** Data in this exercise follows **

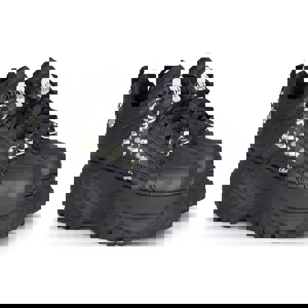 The 1339-14 PUNK platform trainers combine bold style with ethical craftsmanship. Crafted from premium vegan nappa synthetic leather, these low-top sneakers offer the sleek appearance of leather without compromise. Featuring a cushioned footbed and breathable lining, they provide lasting comfort and support for all-day wear. Durable and cruelty-free, these black platform sneakers with studded detailing bring a distinctive, edgy flair to your wardrobe.
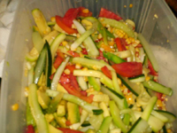 Se lavan muy bien estas excelentes verduras: se pican en tiras el pepino (con concha), pimentón rojo, aguacate, calabacín. Se pasan por agua caliente para mantenerles ese color natural dejan en agua de sal para que vayan tomando cuerpo y sabor. Aparte se hace una vinagreta con aceite de oliva, sal, pimienta, limón y balsámico. SE agita muy bien para que emulsione y luego en un envase se coloca maíz en granos y se coloca todas las verduras en tiras y se legrega la vinagreta removiendo todo para ques e impregne perfectamente.
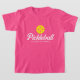 Cute pickleball sports kid's t shirt for girl. Custom tennis clothing with yellow ball logo and script text. Cool sports Birthday party gift idea for fan, player, coach, daughter, granddaughter, play friend etc. Change ball logo into any colour. Also great for other activities. Personalise with your own funny quote or team name. Available in pink and other colours. Also for available for adults.
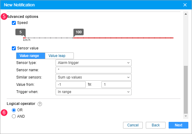 In the Advanced options section, if necessary, specify the additional conditions under which the notification should be triggered. It can be the range of speed values (the Speed option), and/or the range or the difference of the selected sensor values (the Sensor value option).
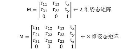 在 2 维平面中,我们加了 1 个维度 z,是为了方便完成平移操作。写出 2 维平面姿态矩阵 M 的一般形式,并延伸并类比到 3 维空间的姿态矩阵,表示如下:
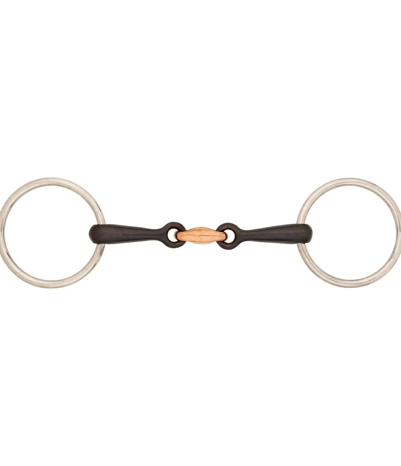 Pour chevaux jeunes ou sensibles. Acier Sweet-Iron, avec passage de langue en cuivre favorisant le mâchouillage. Anneaux en acier inox. Épaisseur 14 mm.
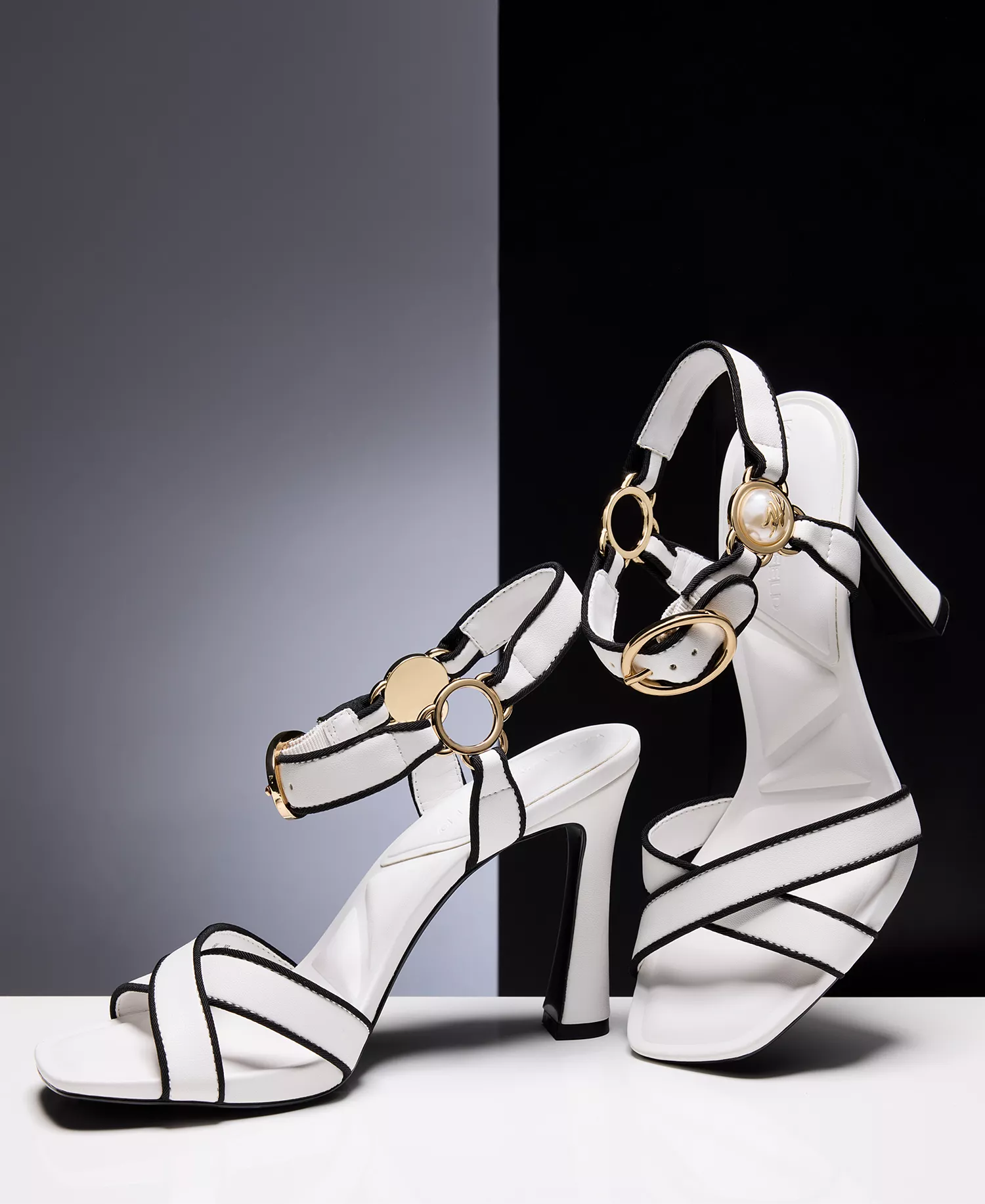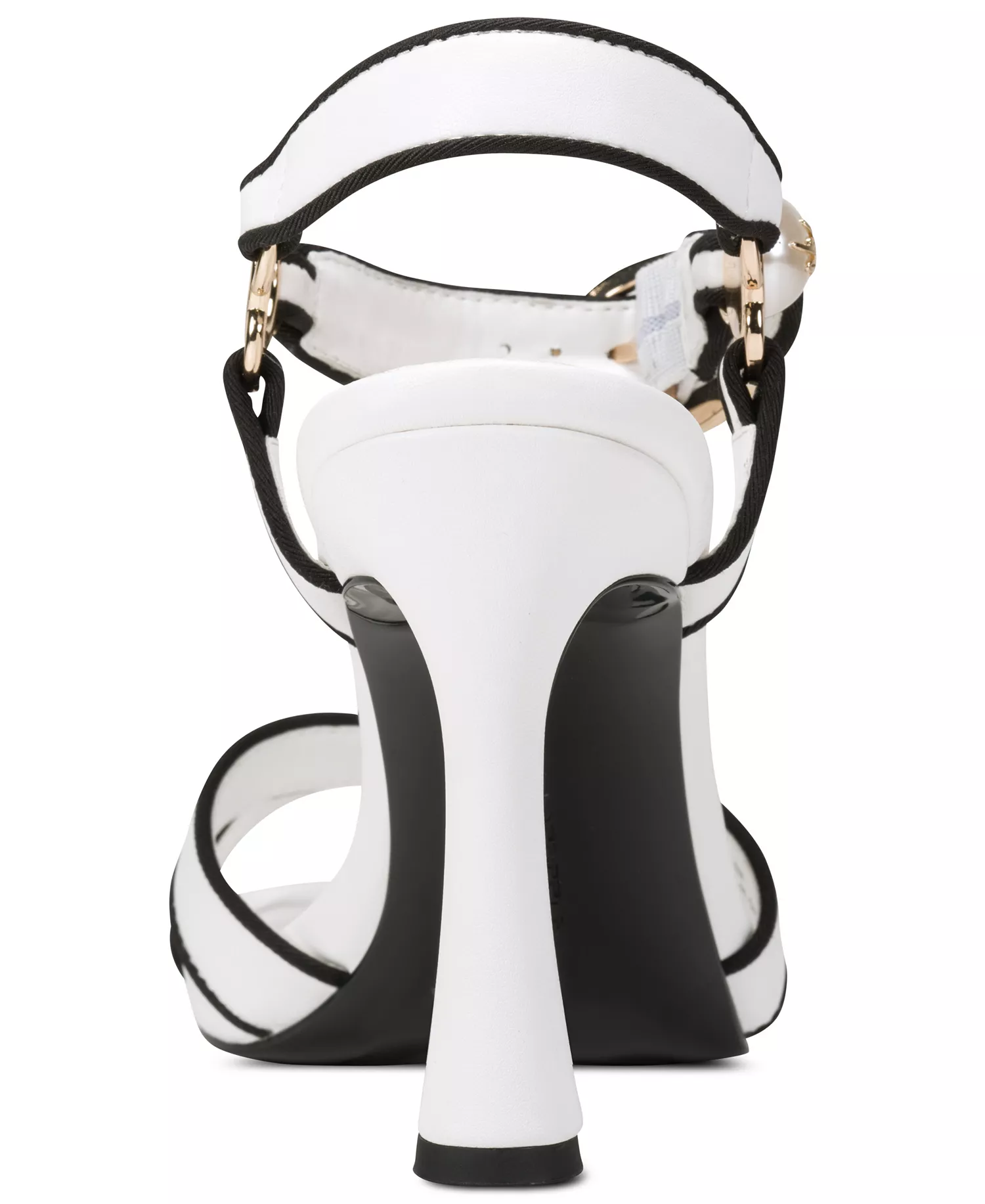 Eleganckie sandały KARL LAGERFELD PARIS na szpilce z paskiem wokół kostki, kwadratowym noskiem i ozdobnym perłowym detalem przy zapięciu.

** End of Data in this exercise **

--- What you will do ---
Every line from the one containing "Pour chevaux jeunes" through the end of the entries above, both included, should be extracted exactly, with pictures left out.

--- Solution below ---
 Pour chevaux jeunes ou sensibles. Acier Sweet-Iron, avec passage de langue en cuivre favorisant le mâchouillage. Anneaux en acier inox. Épaisseur 14 mm.
 Eleganckie sandały KARL LAGERFELD PARIS na szpilce z paskiem wokół kostki, kwadratowym noskiem i ozdobnym perłowym detalem przy zapięciu.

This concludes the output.